Thursday, June 2

here was proof

"Really - I'm O.K." And he was, too, except that he could find no explanation for why the song had affected him so grotesquely. He had supposed for years that he had no secrets from himself. Here was proof that he had a great big secret somewhere inside, and he could not imagine what it was."

Slaughterhouse-Five, Kurt Vonnegut
I think, in a lot of ways, this school year has been more educational for me personally than academically in the sense that I've learned more about myself than I have in my classes. It's been a combination of a lot of things, but I think I'm able to see some things about myself now that I haven't been able to in the past. I've cultivated an image of myself for myself over the years. It's been one of a person of impeachable cognitive ability to deal with all things dispassionately. I think I've spent too much time looking at things in too wide a context. Things get lost in a sea of diminished relative consequence and emotional subtlety is cast aside.
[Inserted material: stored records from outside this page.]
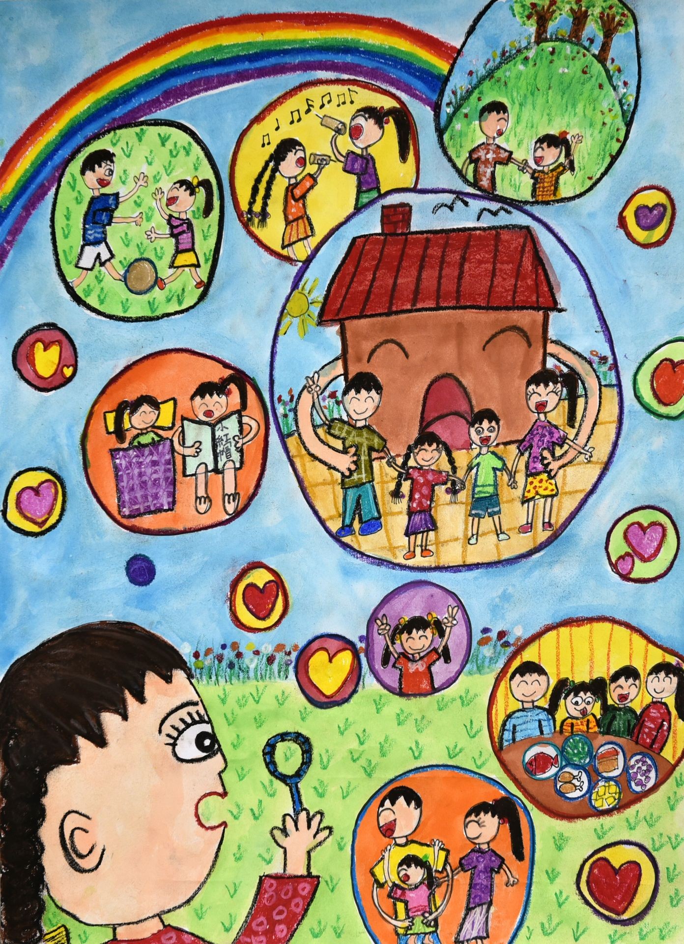 我夢想的家是晚上全家在一起吃飯,假日裡全家一起爬山,一起打球,一起大聲唱歌,快快樂樂在一起。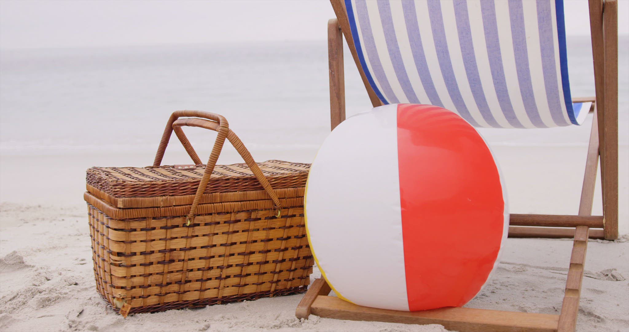 Deck chairs on the sand with towel; hat; ball and basket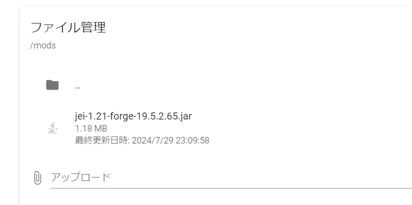 mods画面でModファイルをアップロードします。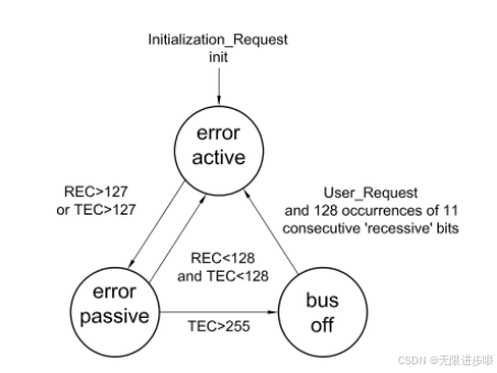 以下是 CAN 总线的错误状态转换: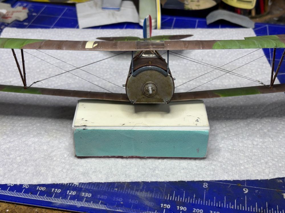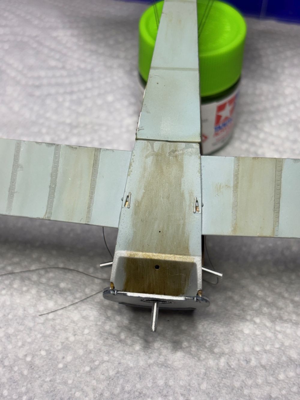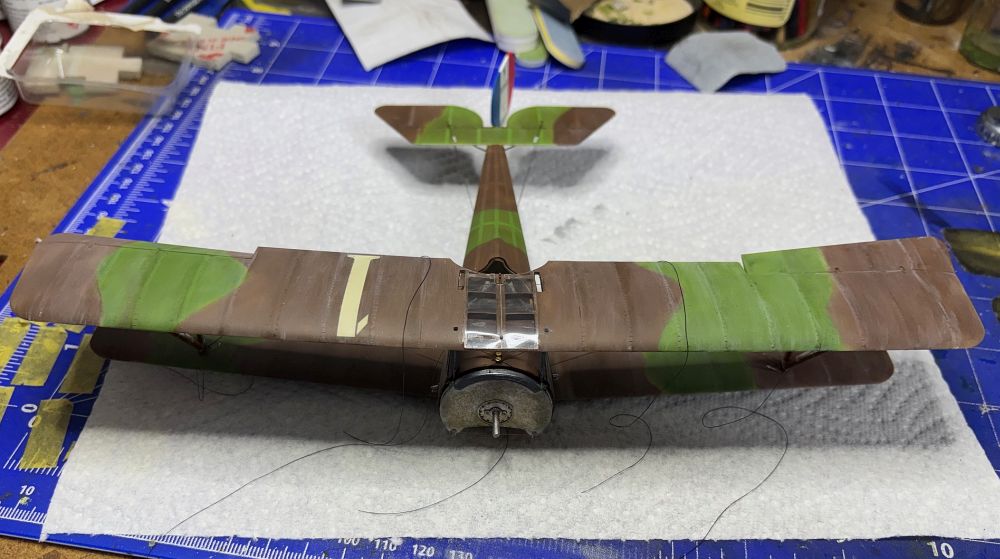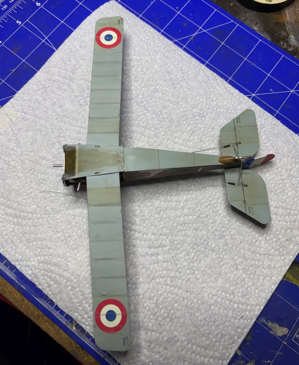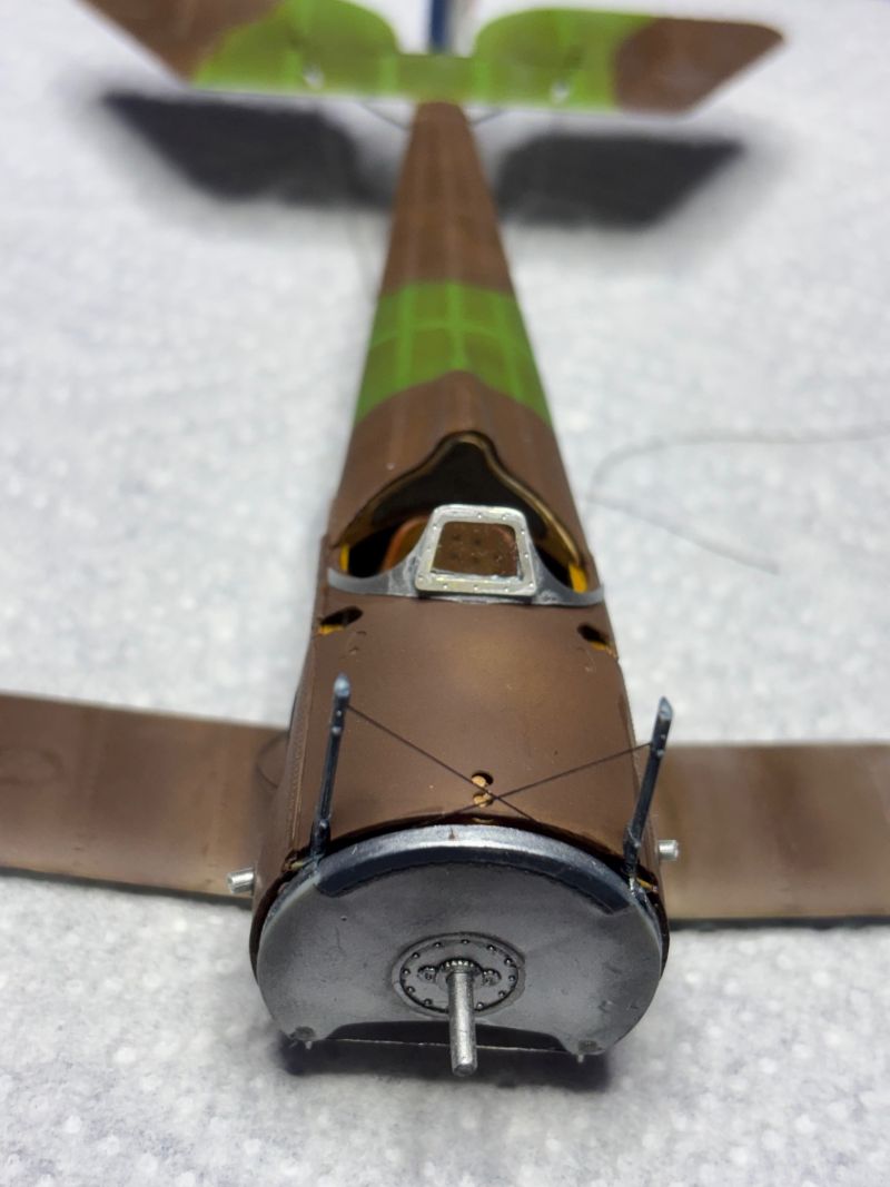 Nach der Trocknung habe ich die Unterseite direkt mit Öl verdreckt. Schließlich haben die Rhone Umlaufmotoren ordentlich rumgesaut.

I haven't suddenly concluded that this kind of perspective is altogether wrong, but over the course of this year, under various circumstances, I've realized more and more the cost of neglecting subtlety. I've discovered I'm not as immune to anxiety and regret as I once thought. In not engaging with the fleeting disappointments and small tragedies that are a part of investing emotionally in the daily minutia, I've not developed a sufficiently visceral sense of empathy for others or myself. When I try to indulge that part of me now, it's a little jarring.

A list of things I'd like to do. One, see the aurora borealis. Two, become more of a relatable human being. I want to wake up and I want to be that man.

/Don Draper

1 comment:

  1. i like this post.
    i've learned so much about myself in the past year as well than i ever did from classes during college.